§ ASSIGNED TASK
Please transcribe the entries that follow exactly as they stand, skipping each picture.

[Stored dataset items]
==========
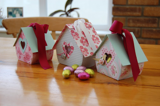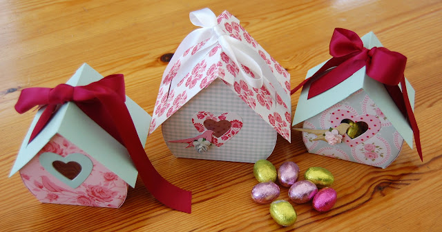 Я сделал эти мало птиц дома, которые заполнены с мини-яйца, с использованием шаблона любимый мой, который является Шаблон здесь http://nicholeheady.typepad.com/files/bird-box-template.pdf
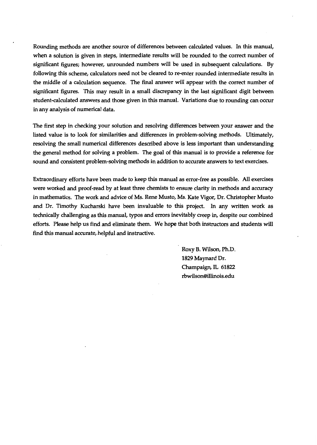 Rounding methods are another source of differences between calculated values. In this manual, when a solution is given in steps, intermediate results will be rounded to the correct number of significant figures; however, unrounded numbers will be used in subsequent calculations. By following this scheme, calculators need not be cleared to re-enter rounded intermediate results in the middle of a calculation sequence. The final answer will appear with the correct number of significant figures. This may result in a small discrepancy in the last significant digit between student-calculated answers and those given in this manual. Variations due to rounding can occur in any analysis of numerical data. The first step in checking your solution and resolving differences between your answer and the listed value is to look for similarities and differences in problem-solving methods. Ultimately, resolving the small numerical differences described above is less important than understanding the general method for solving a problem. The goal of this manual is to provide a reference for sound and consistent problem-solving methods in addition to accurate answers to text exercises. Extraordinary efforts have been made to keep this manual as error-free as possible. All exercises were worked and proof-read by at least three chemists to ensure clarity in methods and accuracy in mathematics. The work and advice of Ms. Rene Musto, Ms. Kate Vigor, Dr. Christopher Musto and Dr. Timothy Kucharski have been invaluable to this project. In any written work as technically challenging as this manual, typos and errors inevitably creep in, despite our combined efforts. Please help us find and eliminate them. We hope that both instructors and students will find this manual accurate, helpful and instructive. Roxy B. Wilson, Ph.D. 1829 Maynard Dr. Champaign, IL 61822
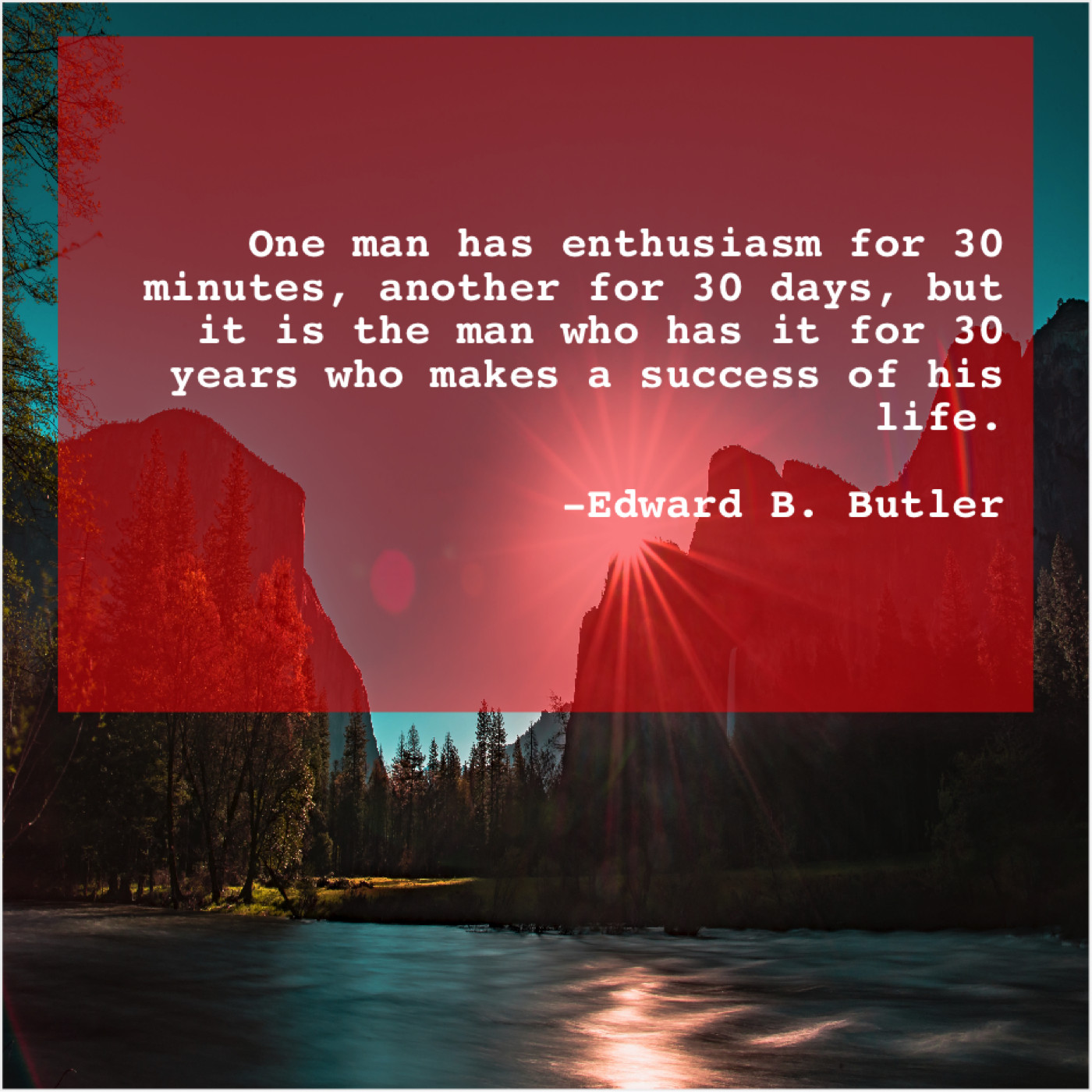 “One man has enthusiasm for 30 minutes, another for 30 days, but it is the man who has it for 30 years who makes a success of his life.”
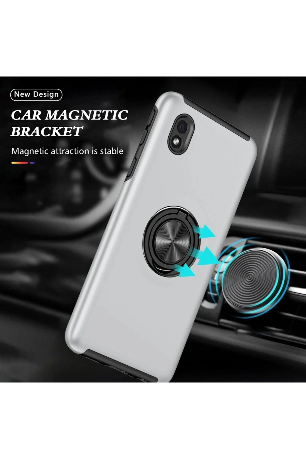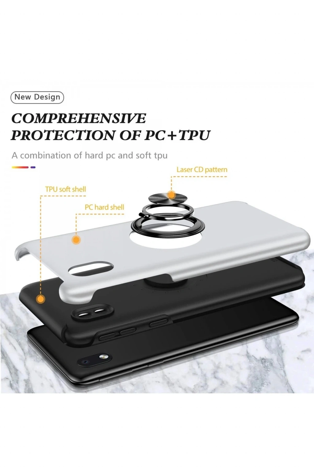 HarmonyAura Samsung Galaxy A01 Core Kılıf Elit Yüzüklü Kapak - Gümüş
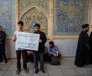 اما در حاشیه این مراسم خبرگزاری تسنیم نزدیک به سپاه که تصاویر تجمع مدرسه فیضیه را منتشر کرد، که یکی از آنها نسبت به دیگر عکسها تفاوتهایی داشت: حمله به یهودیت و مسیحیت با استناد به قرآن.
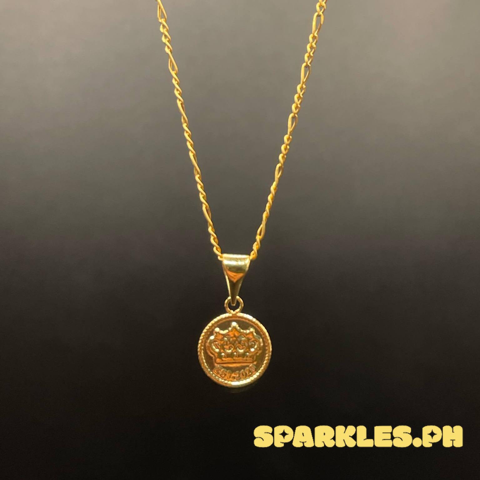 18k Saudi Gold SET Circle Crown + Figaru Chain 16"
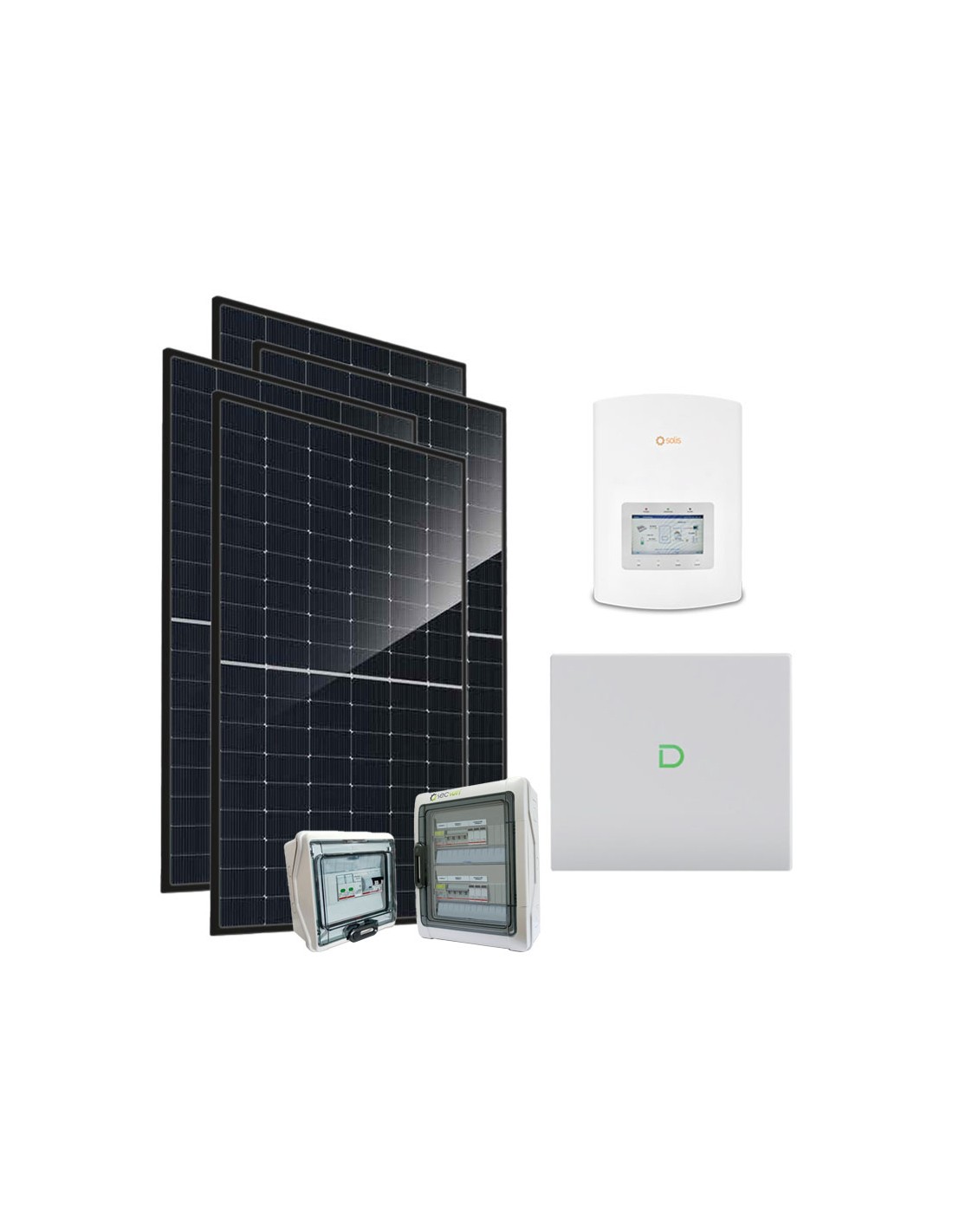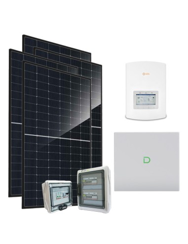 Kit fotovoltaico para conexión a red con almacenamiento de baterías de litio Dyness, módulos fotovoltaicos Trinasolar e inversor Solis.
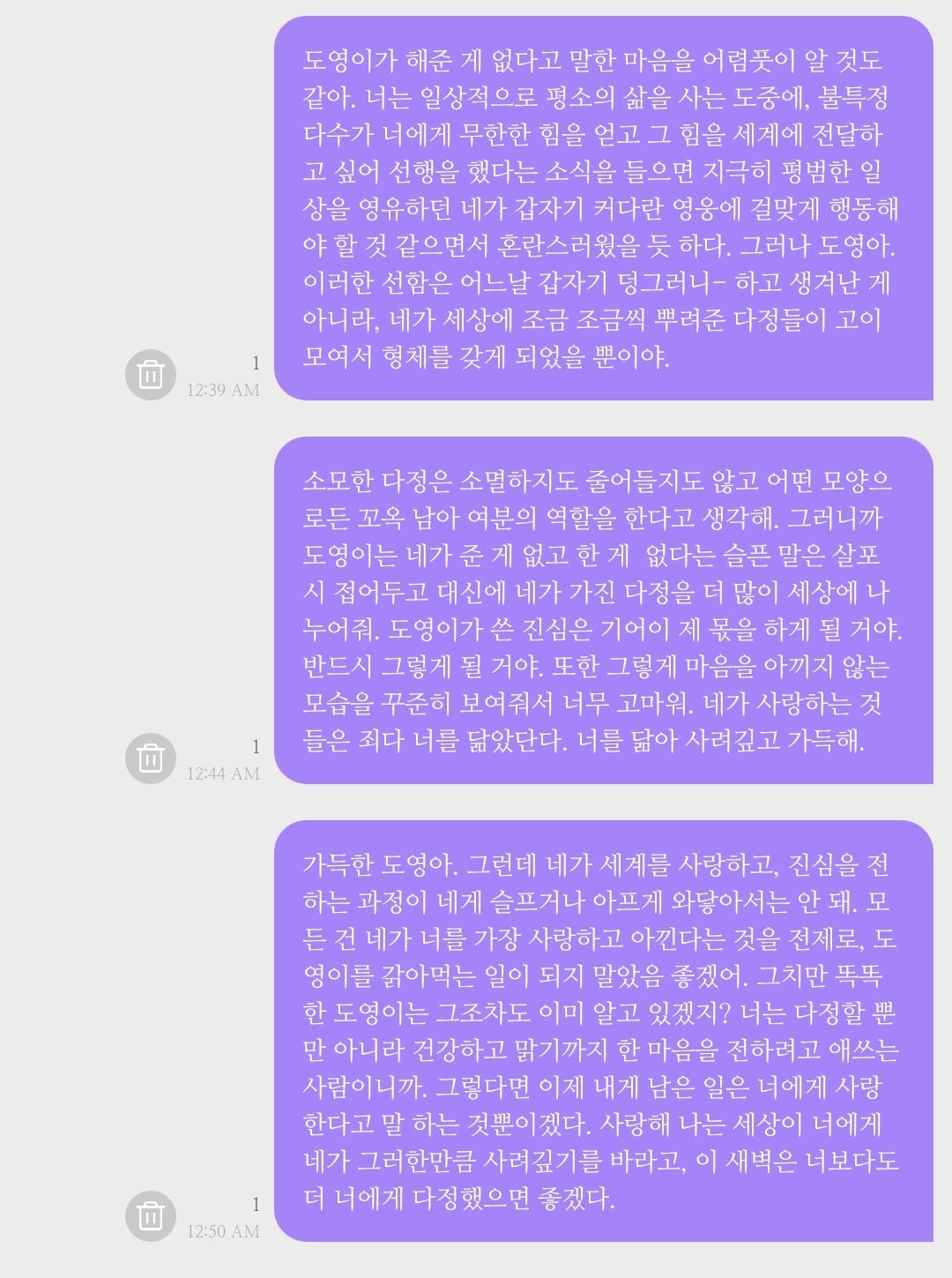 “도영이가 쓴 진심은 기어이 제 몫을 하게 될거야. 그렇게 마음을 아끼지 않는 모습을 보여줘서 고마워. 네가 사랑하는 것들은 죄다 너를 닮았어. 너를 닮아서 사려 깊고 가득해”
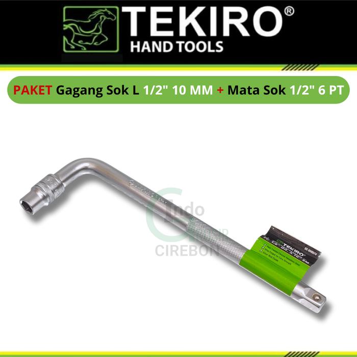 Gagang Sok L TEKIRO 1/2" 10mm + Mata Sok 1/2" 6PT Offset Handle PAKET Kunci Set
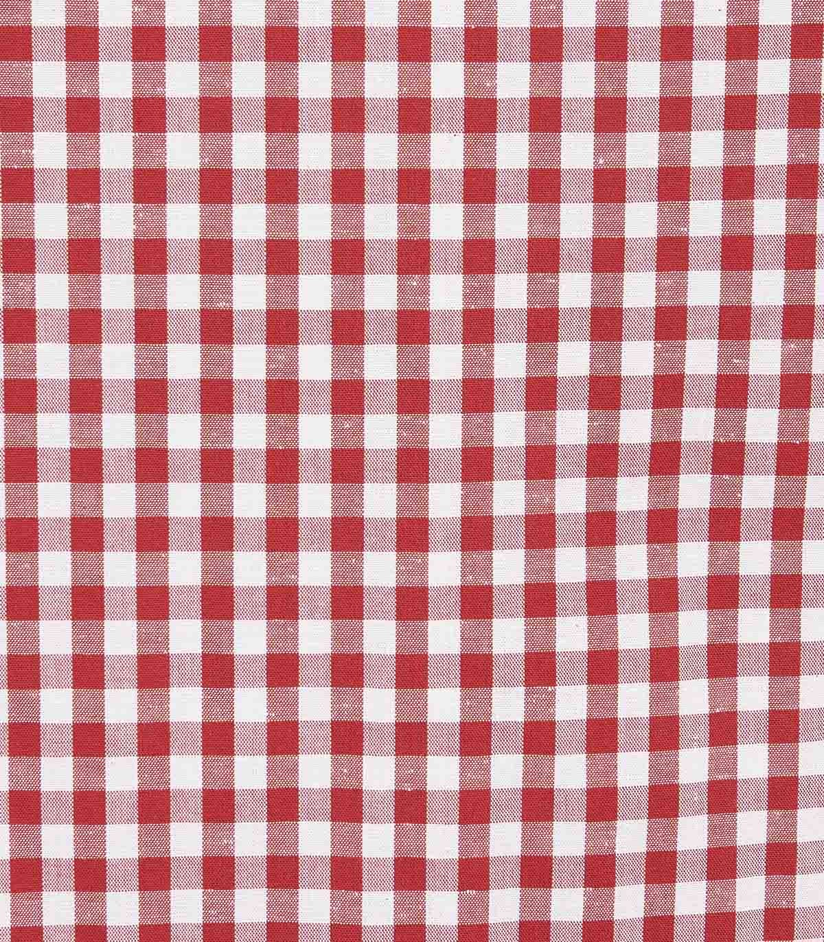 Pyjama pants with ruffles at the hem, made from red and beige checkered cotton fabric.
==========
§ WRITTEN SOLUTION
 Я сделал эти мало птиц дома, которые заполнены с мини-яйца, с использованием шаблона любимый мой, который является Шаблон здесь http://nicholeheady.typepad.com/files/bird-box-template.pdf
 Rounding methods are another source of differences between calculated values. In this manual, when a solution is given in steps, intermediate results will be rounded to the correct number of significant figures; however, unrounded numbers will be used in subsequent calculations. By following this scheme, calculators need not be cleared to re-enter rounded intermediate results in the middle of a calculation sequence. The final answer will appear with the correct number of significant figures. This may result in a small discrepancy in the last significant digit between student-calculated answers and those given in this manual. Variations due to rounding can occur in any analysis of numerical data. The first step in checking your solution and resolving differences between your answer and the listed value is to look for similarities and differences in problem-solving methods. Ultimately, resolving the small numerical differences described above is less important than understanding the general method for solving a problem. The goal of this manual is to provide a reference for sound and consistent problem-solving methods in addition to accurate answers to text exercises. Extraordinary efforts have been made to keep this manual as error-free as possible. All exercises were worked and proof-read by at least three chemists to ensure clarity in methods and accuracy in mathematics. The work and advice of Ms. Rene Musto, Ms. Kate Vigor, Dr. Christopher Musto and Dr. Timothy Kucharski have been invaluable to this project. In any written work as technically challenging as this manual, typos and errors inevitably creep in, despite our combined efforts. Please help us find and eliminate them. We hope that both instructors and students will find this manual accurate, helpful and instructive. Roxy B. Wilson, Ph.D. 1829 Maynard Dr. Champaign, IL 61822
 “One man has enthusiasm for 30 minutes, another for 30 days, but it is the man who has it for 30 years who makes a success of his life.”
 HarmonyAura Samsung Galaxy A01 Core Kılıf Elit Yüzüklü Kapak - Gümüş
 اما در حاشیه این مراسم خبرگزاری تسنیم نزدیک به سپاه که تصاویر تجمع مدرسه فیضیه را منتشر کرد، که یکی از آنها نسبت به دیگر عکسها تفاوتهایی داشت: حمله به یهودیت و مسیحیت با استناد به قرآن.
 18k Saudi Gold SET Circle Crown + Figaru Chain 16"
 Kit fotovoltaico para conexión a red con almacenamiento de baterías de litio Dyness, módulos fotovoltaicos Trinasolar e inversor Solis.
 “도영이가 쓴 진심은 기어이 제 몫을 하게 될거야. 그렇게 마음을 아끼지 않는 모습을 보여줘서 고마워. 네가 사랑하는 것들은 죄다 너를 닮았어. 너를 닮아서 사려 깊고 가득해”
 Gagang Sok L TEKIRO 1/2" 10mm + Mata Sok 1/2" 6PT Offset Handle PAKET Kunci Set
 Pyjama pants with ruffles at the hem, made from red and beige checkered cotton fabric.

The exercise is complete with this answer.